Data records
[Start of section]

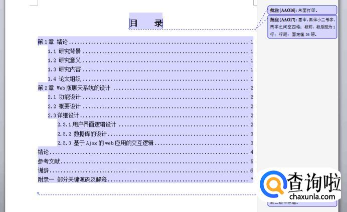 (2)目录内容:宋体小四号字,行距:固定值20磅,标题列至一或二级节标题。
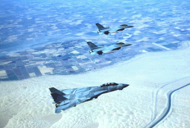 returns from a 2v2 ACM engagement over the Yuma TACTS range. VF-126 F-16N's are flown by
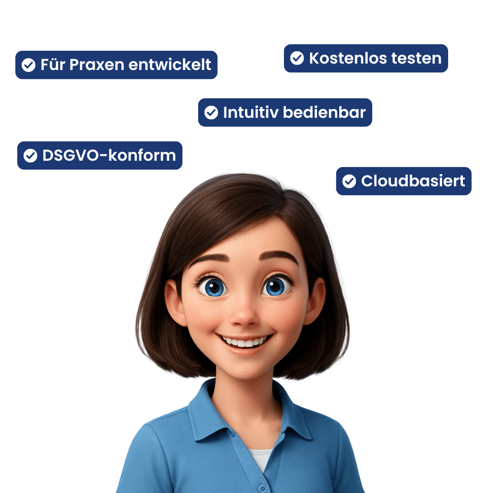 Die 100% DSGVO-konforme und intuitive KI-Assistenz für Arzt- und Zahnarztpraxen, mit der Sie pro Woche im Durchschnitt 5 bis 10 Stunden einsparen.
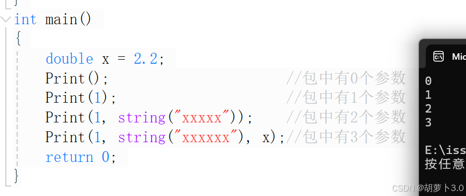 Print(1, string("xxxxxx"), x);//包中有3个参数
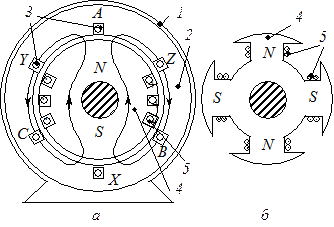 Конструкция синхронной машины: а – машина в сборе с неявнопюсным ротором; б – ротор явнополюсный.
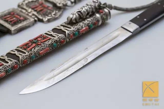 如果你也亲眼见过蒙古牧民的生活,你会为此而惊叹,一把蒙古刀,刀鞘插着筷子挂着火镰,一盏银碗,别着烟袋挎着酒壶就出门放牧去了。如果去拜访朋友,进门一行礼,从怀里掏出银碗,双手恭敬地捧上,接过奶酒饮罢,拿出自己的佩刀剃肉,不用嘴啃,所以才称为手把肉,既卫生又体现草原上人与人独立和谐的状态,饭罢,收好刀筷,把银碗在自己的膝盖上一转,擦干净内壁放入怀中跨马扬鞭而去,潇洒至极。那是我第一次见此情景,也是好奇,我以为马战的时候蒙古刀是弯刀,便于以肩做轴,自上而下时的挥舞,随行喜欢研究冷兵器的朋友跟我解释,战刀是弯刀应该没错,但蒙古族的游牧生活需要,直刀便于插在靴子里及佩戴在腰间,他们无论割绳、宰羊、吃肉都用自己的这把刀,既是生产工具,又是生活日用品,只是大家一说起蒙古族,就要提到成吉思汗,然后提到征服欧亚,然后就想到战刀,然而战争只是一时,祥和才是一世。
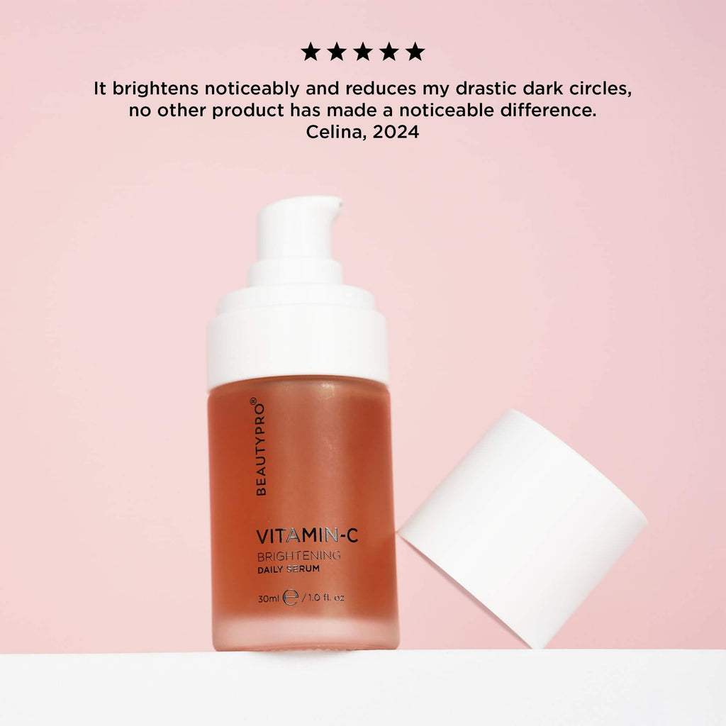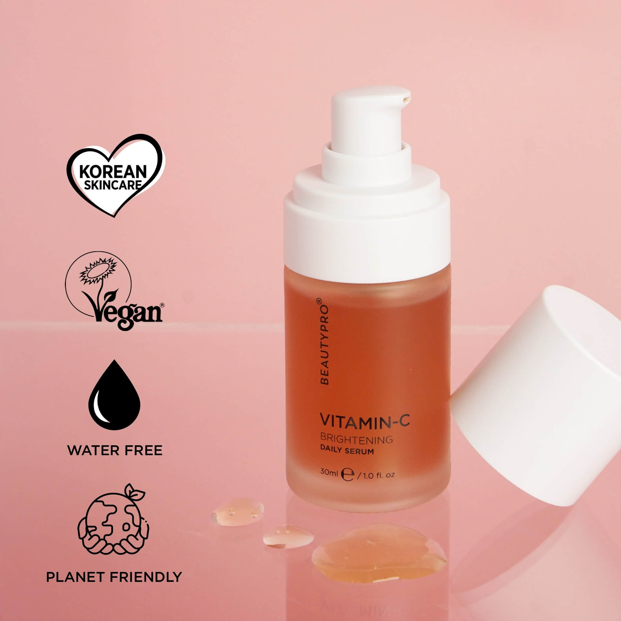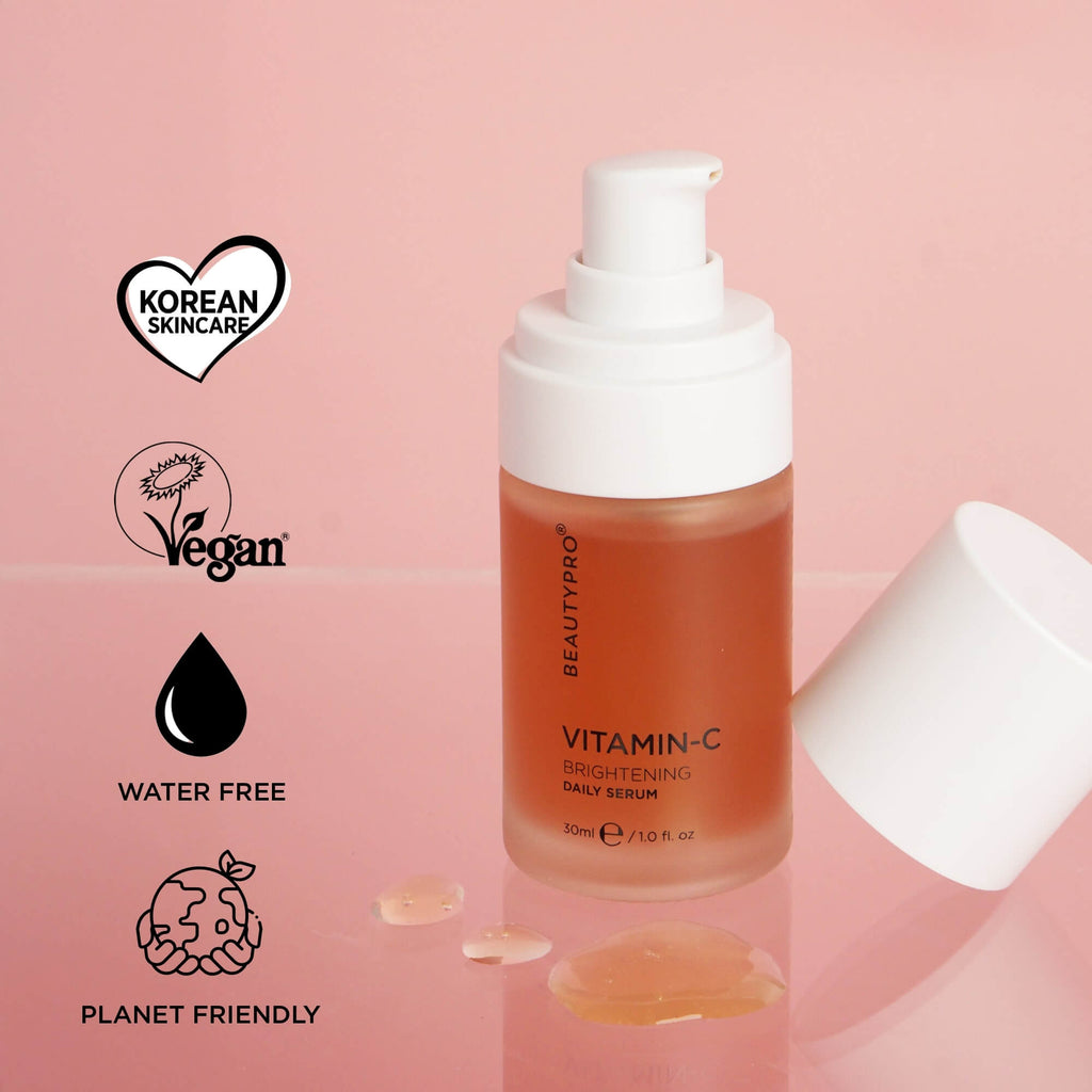 The BEAUTYPRO VITAMIN C Brightening Daily Serum is a plant-based formula enriched with Blueberry, Yuzu Citrus, and Sea Buckthorn, designed to support skin hydration, improve the appearance of skin elasticity, and enhance natural radiance.

[End of section]

TO DO >> All of the lines above must be printed again exactly, and no picture may appear in the copy.

THE COMPLETED TASK >>
 (2)目录内容:宋体小四号字,行距:固定值20磅,标题列至一或二级节标题。
 returns from a 2v2 ACM engagement over the Yuma TACTS range. VF-126 F-16N's are flown by
 Die 100% DSGVO-konforme und intuitive KI-Assistenz für Arzt- und Zahnarztpraxen, mit der Sie pro Woche im Durchschnitt 5 bis 10 Stunden einsparen.
 Print(1, string("xxxxxx"), x);//包中有3个参数
 Конструкция синхронной машины: а – машина в сборе с неявнопюсным ротором; б – ротор явнополюсный.
 如果你也亲眼见过蒙古牧民的生活,你会为此而惊叹,一把蒙古刀,刀鞘插着筷子挂着火镰,一盏银碗,别着烟袋挎着酒壶就出门放牧去了。如果去拜访朋友,进门一行礼,从怀里掏出银碗,双手恭敬地捧上,接过奶酒饮罢,拿出自己的佩刀剃肉,不用嘴啃,所以才称为手把肉,既卫生又体现草原上人与人独立和谐的状态,饭罢,收好刀筷,把银碗在自己的膝盖上一转,擦干净内壁放入怀中跨马扬鞭而去,潇洒至极。那是我第一次见此情景,也是好奇,我以为马战的时候蒙古刀是弯刀,便于以肩做轴,自上而下时的挥舞,随行喜欢研究冷兵器的朋友跟我解释,战刀是弯刀应该没错,但蒙古族的游牧生活需要,直刀便于插在靴子里及佩戴在腰间,他们无论割绳、宰羊、吃肉都用自己的这把刀,既是生产工具,又是生活日用品,只是大家一说起蒙古族,就要提到成吉思汗,然后提到征服欧亚,然后就想到战刀,然而战争只是一时,祥和才是一世。
 The BEAUTYPRO VITAMIN C Brightening Daily Serum is a plant-based formula enriched with Blueberry, Yuzu Citrus, and Sea Buckthorn, designed to support skin hydration, improve the appearance of skin elasticity, and enhance natural radiance.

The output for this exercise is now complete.